DATA SUPPLIED START

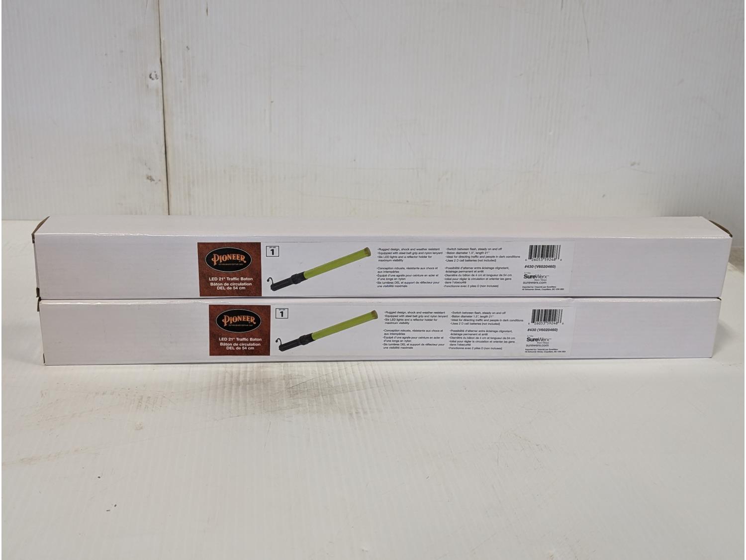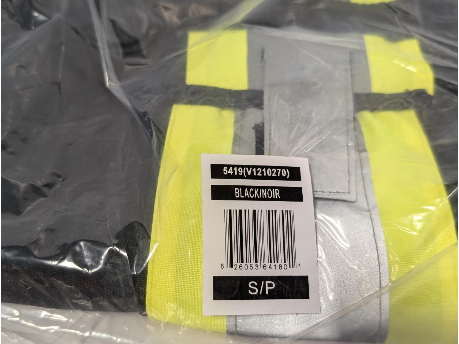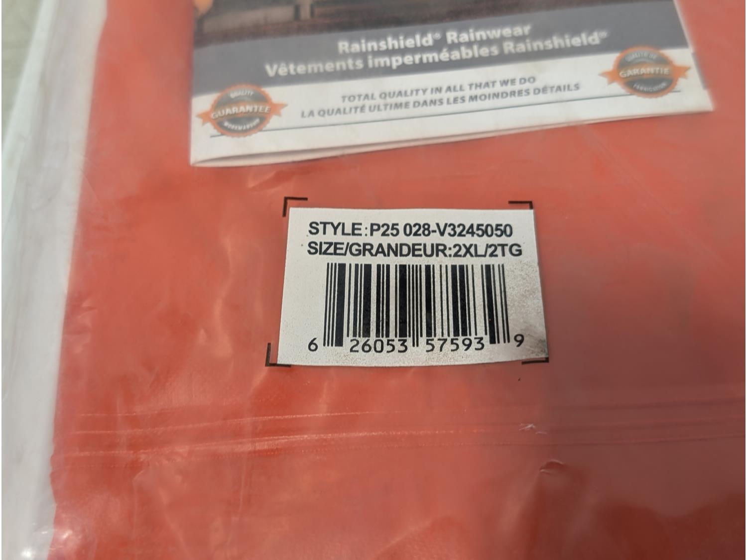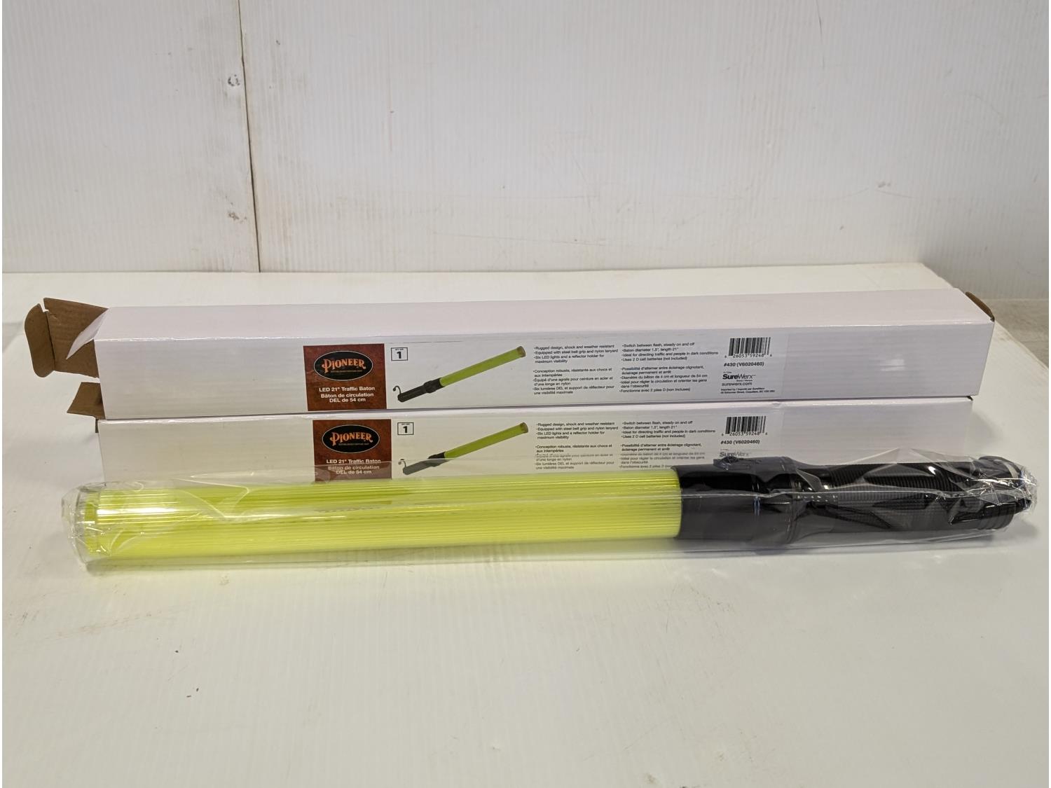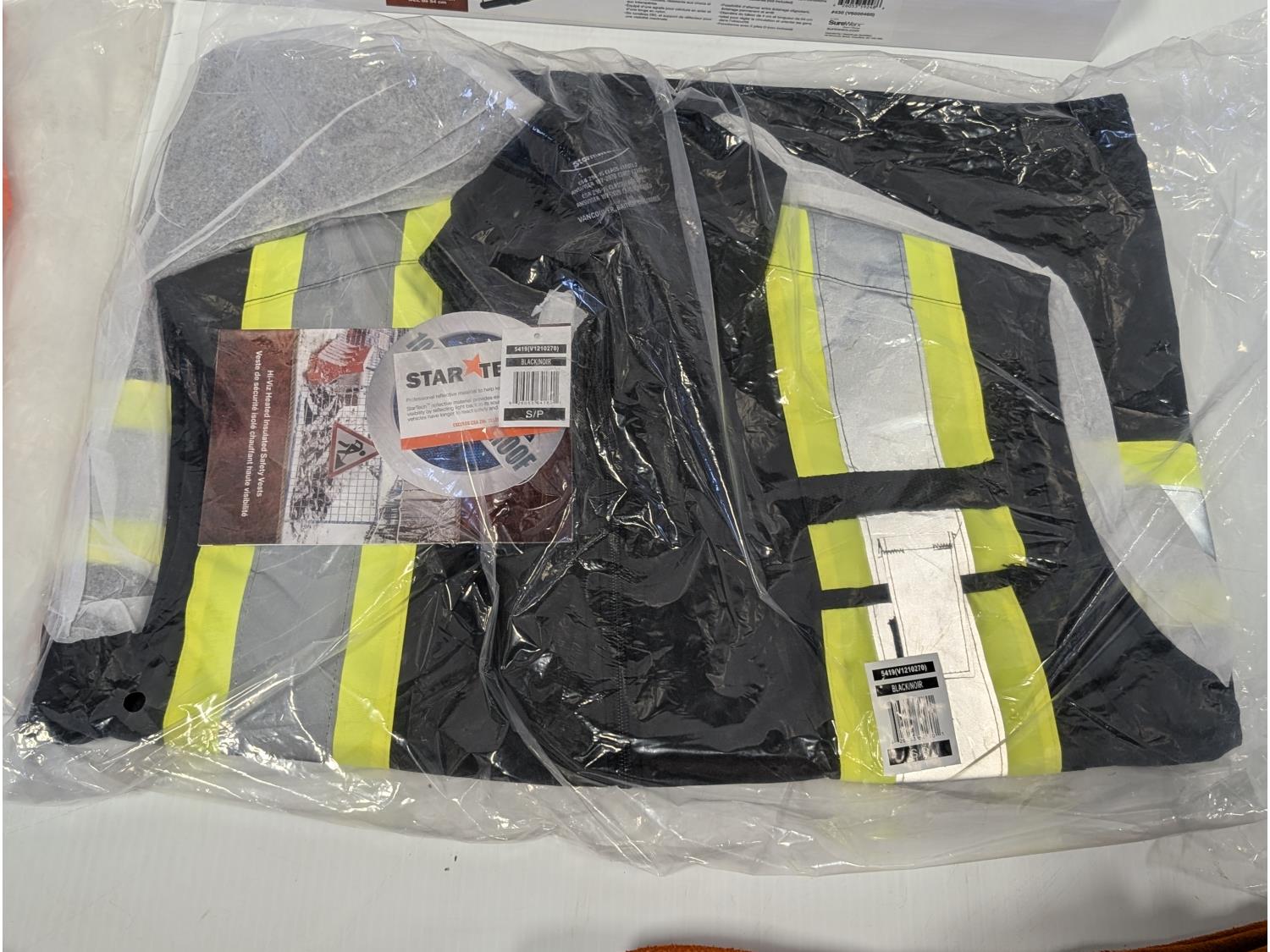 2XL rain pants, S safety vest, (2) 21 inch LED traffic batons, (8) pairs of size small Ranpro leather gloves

DATA SUPPLIED END
DATA SUPPLIED START

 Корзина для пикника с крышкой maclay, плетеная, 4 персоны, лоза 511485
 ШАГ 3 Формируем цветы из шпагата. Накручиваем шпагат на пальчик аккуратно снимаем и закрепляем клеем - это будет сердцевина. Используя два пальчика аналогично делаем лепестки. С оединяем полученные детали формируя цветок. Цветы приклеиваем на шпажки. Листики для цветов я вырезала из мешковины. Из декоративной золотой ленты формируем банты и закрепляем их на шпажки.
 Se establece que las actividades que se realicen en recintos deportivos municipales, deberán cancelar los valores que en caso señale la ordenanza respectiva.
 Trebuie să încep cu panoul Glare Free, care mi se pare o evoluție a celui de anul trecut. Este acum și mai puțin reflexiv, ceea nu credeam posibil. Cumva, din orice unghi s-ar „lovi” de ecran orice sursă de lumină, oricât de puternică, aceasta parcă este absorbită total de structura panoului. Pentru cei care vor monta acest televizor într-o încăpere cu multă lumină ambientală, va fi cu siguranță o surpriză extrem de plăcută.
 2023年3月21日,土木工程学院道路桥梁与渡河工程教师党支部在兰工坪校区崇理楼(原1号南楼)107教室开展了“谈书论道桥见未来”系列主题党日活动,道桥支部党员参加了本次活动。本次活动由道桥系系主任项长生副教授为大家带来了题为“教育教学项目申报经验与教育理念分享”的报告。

DATA SUPPLIED END

### GOAL OF THE EXERCISE:
In the data above, find the line with "Корзина для пикника" and the line with "ШАГ 3 Формируем". Retype both, plus every line between them, exactly.

### SOLUTION FOR THIS TASK:
 Корзина для пикника с крышкой maclay, плетеная, 4 персоны, лоза 511485
 ШАГ 3 Формируем цветы из шпагата. Накручиваем шпагат на пальчик аккуратно снимаем и закрепляем клеем - это будет сердцевина. Используя два пальчика аналогично делаем лепестки. С оединяем полученные детали формируя цветок. Цветы приклеиваем на шпажки. Листики для цветов я вырезала из мешковины. Из декоративной золотой ленты формируем банты и закрепляем их на шпажки.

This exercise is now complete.